# WORK TASK:
A faithful copy of all the data is required; pictures should not be included.
───── DATA EXTRACT
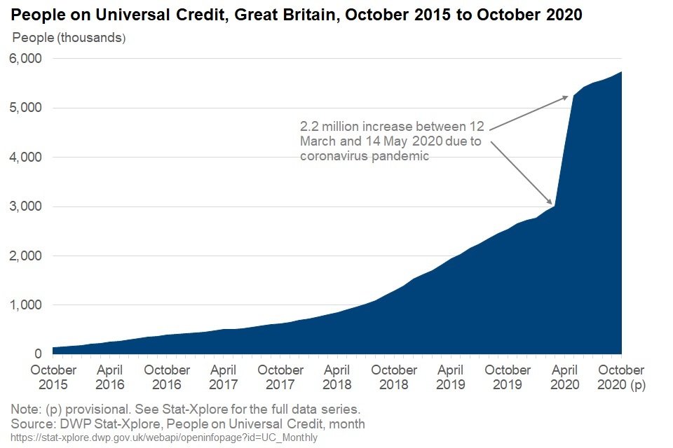 The number of people on Universal Credit was 5.7 million on 8 October 2020, up 2% on 10 September 2020. There has been a 90% (2.7 million) increase in the number of people on Universal Credit from 3 million on 12 March 2020, the last count date before the coronavirus pandemic.
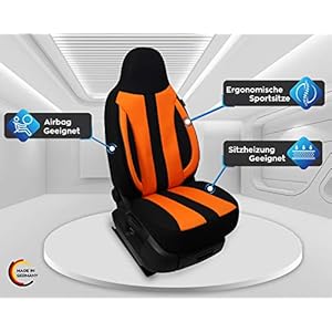 BREMER-SITZBEZUGE-Set-van-2-autohoezen-compatibel-met-Dacia-Spring-bestuurder-en-passagier-vanaf-2021-autostoelhoezen-hoezen-set-van-2-stuks-in-zwartoranje
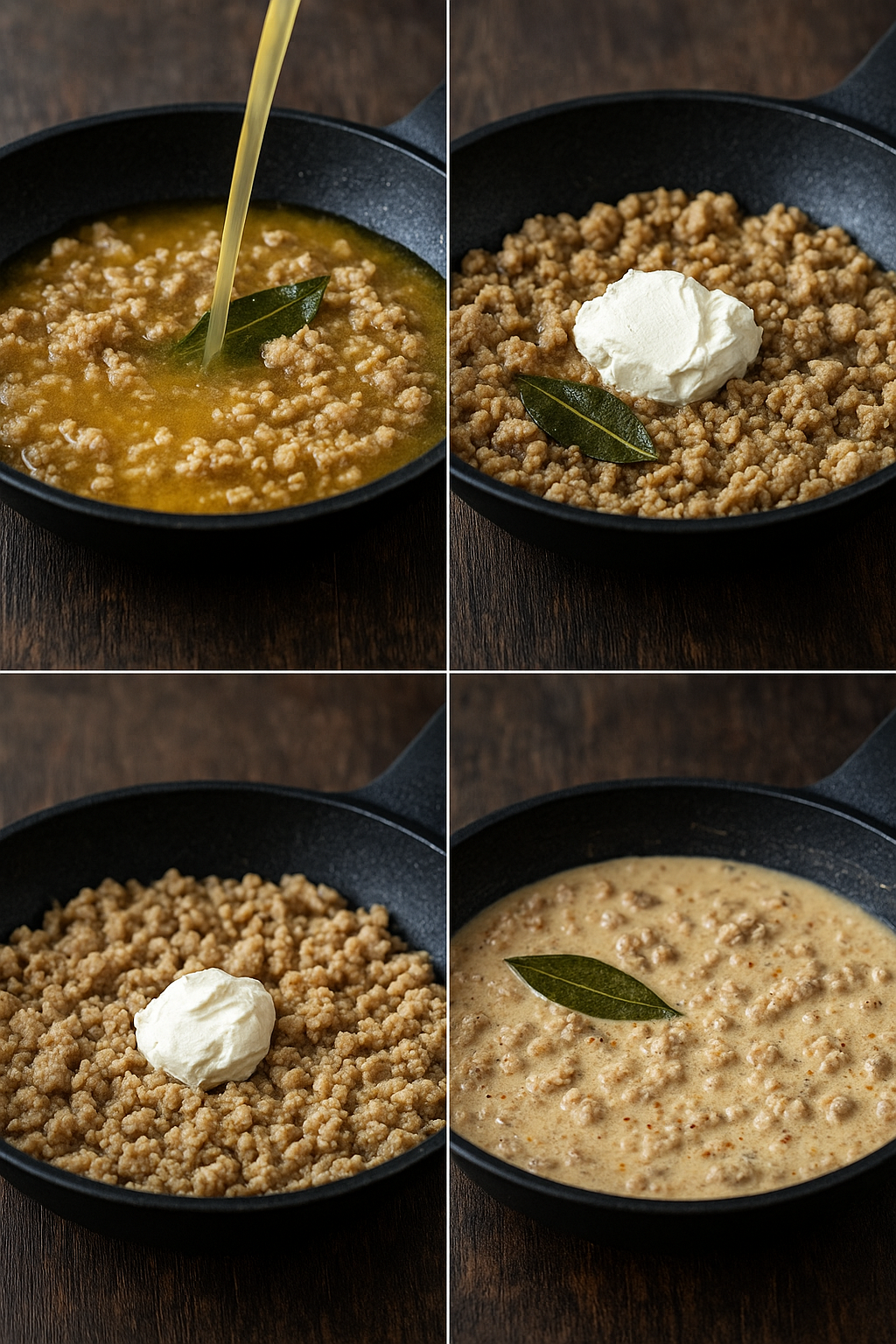 Knoblauch + Saucenmix dazu → 1–2 Min. weiterbraten
──────────
# RESULT OF THE EXERCISE:
 The number of people on Universal Credit was 5.7 million on 8 October 2020, up 2% on 10 September 2020. There has been a 90% (2.7 million) increase in the number of people on Universal Credit from 3 million on 12 March 2020, the last count date before the coronavirus pandemic.
 BREMER-SITZBEZUGE-Set-van-2-autohoezen-compatibel-met-Dacia-Spring-bestuurder-en-passagier-vanaf-2021-autostoelhoezen-hoezen-set-van-2-stuks-in-zwartoranje
 Knoblauch + Saucenmix dazu → 1–2 Min. weiterbraten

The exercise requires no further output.